スタッドレスタイヤに履き替えるときなどに、タイヤの表面を見るとひび割れを見つけたという人もいるかもしれません。浅いものならそれほど問題ではない、ともいわれますが、最悪、ひび割れが原因でバーストに至るケースも。どう対処すればよいのでしょうか。

経年変化で生じるタイヤのひび割れ

 スタッドレスタイヤに交換する際、夏タイヤの溝の間に小さなひび割れを見つけた、という人もいるのではないでしょうか。ひび割れは、タイヤのゴムがオゾンや紫外線に反応して油分が揮発することなどによって生じるもの、つまり経年劣化による現象のひとつです。そのため、走行距離が短く溝が残っているタイヤでも、製造から長時間が経過していると、ひび割れが生じることがあります。


タイヤの溝の中に生じた小さなひび割れ。シワから小さなひび割れに発展しかけている(小林祐史撮影)。
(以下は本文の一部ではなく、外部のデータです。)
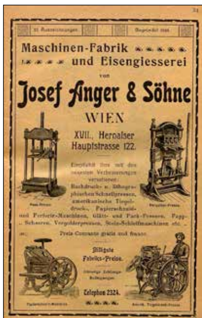
Wycinek prasowy – reklama maszyn firmy Josef Anger & Söhne; źródło: zedhia.at
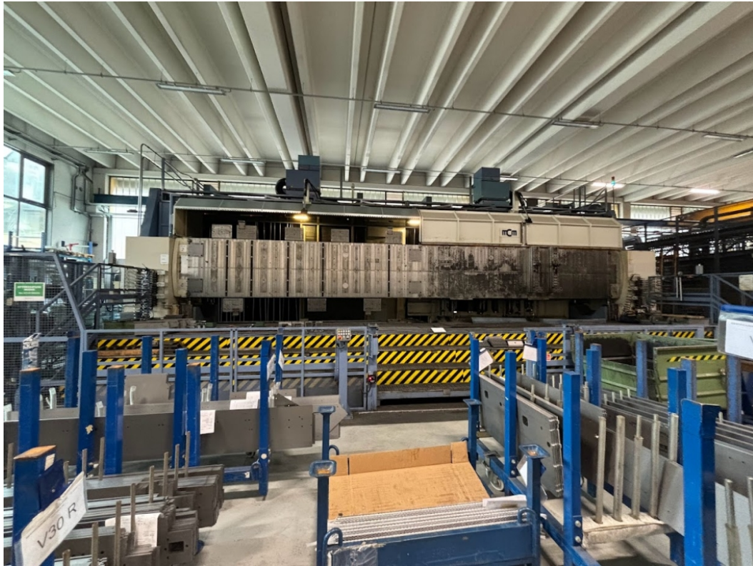
Foto zona di lavoro
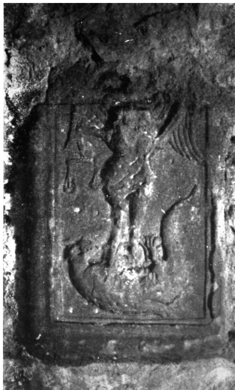
56. Dombormű Szent Mihállyal. 1480—1500 körül. Gyalu, Barcsay kastély.
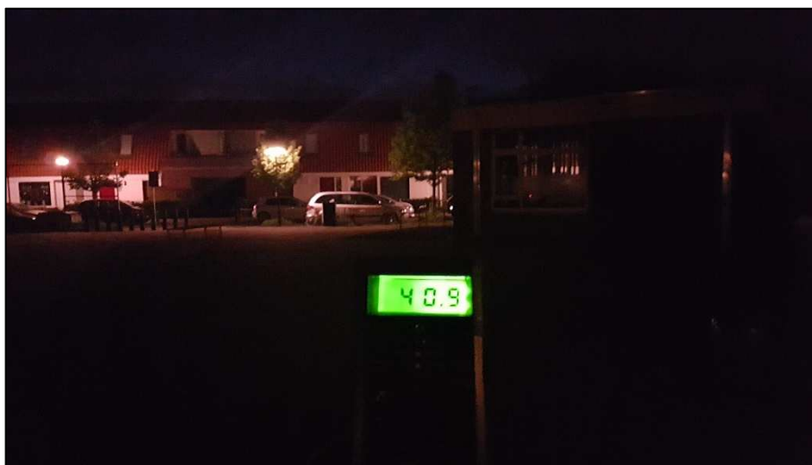
Nachtelijk onderzoek naar vleermuizen met behulp van een batdetector.

In afwijking van het vleermuisprotocol is geen direct onderzoek naar winterverblijven uitgevoerd. In de winterperiode zijn winterverblijven zeer moeilijk vast te stellen. Het gaat vaak om diepe holtes, spouwmuuren en ruimtes die aanwezig zijn in daken die niet of zeer slecht bereikbaar zijn en waar het risico bestaat dat (bij daadwerkelijke aanwezigheid) verstoring optreedt. Door te letten op het optreden van middernachtzwermaactiviteit en de (late) aanwezigheid van (paar) verblijven of activiteit is onderzocht of mogelijk sprake is van winterverblijven in het plangebied.
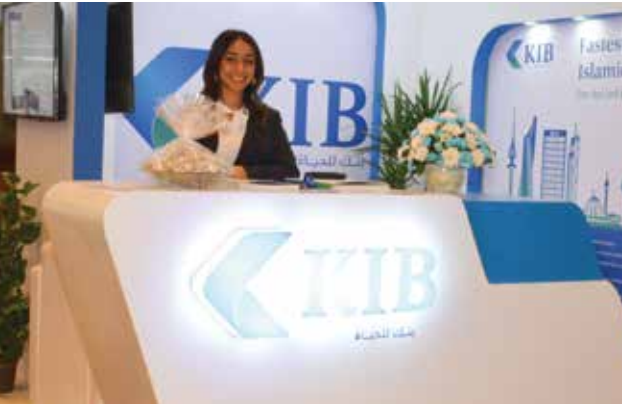
جناح بنك الكويت الدولي «KIB»
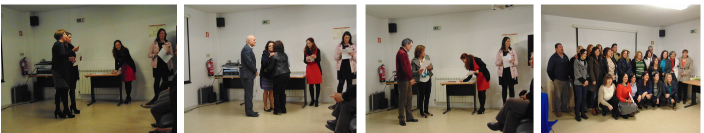
Entrega de certificados
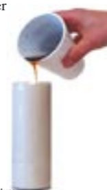
Pour in the Rubber Mixture

6. Mix up the Rubber with the Stir Stick. Stir vigorously until THOROUGHLY mixed (stir about 2 whole minutes). Be sure to mix THOROUGHLY! Now pour this rubber mixture into your mold, filling it to about an inch (2.5cm) below the rim.
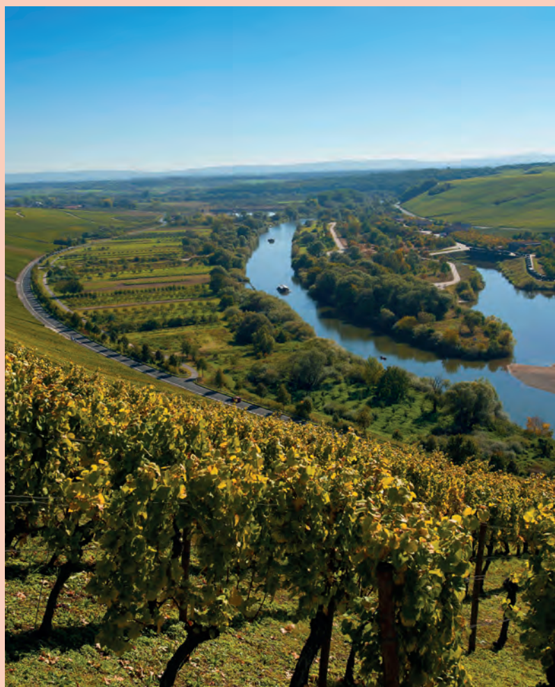
Fränkische Weinberge.

Über die Qualität des Frankenweins – insbesondere jenem der fränkischen Winzergenossenschaften – müssen längst keine Worte mehr verloren werden. Wo man ihn dagegen stilvoll kaufen und verköstigen kann, zeigt der exklusive „Profil-Wein-atlas“.

 タイヤのゴムの油分は時間が経てば揮発するため、やがてひび割れが生じるのは避けられません。そのため、タイヤメーカーは浅く小さなひび割れなら問題なく走行できるようにタイヤを設計しています。

 ただし、ひび割れが深く大きなものに進行すると、ゴム内部にあるカーカスやベルト、ビートといったタイヤの背骨にあたる重要な構造材が雨水などの水分に触れることになります。それらの構造材は金属や化学繊維、高炭素鋼などが素材であるため、水分に触れるとサビや腐食が生じます。

 内部に侵入した水分は、ゴムの劣化を促進させるとともに、内部構造を腐食させ、それによって内部の体積が増加します。この内側から外側に向かう力(膨張)が高じると、タイヤはバーストしてしまうのです。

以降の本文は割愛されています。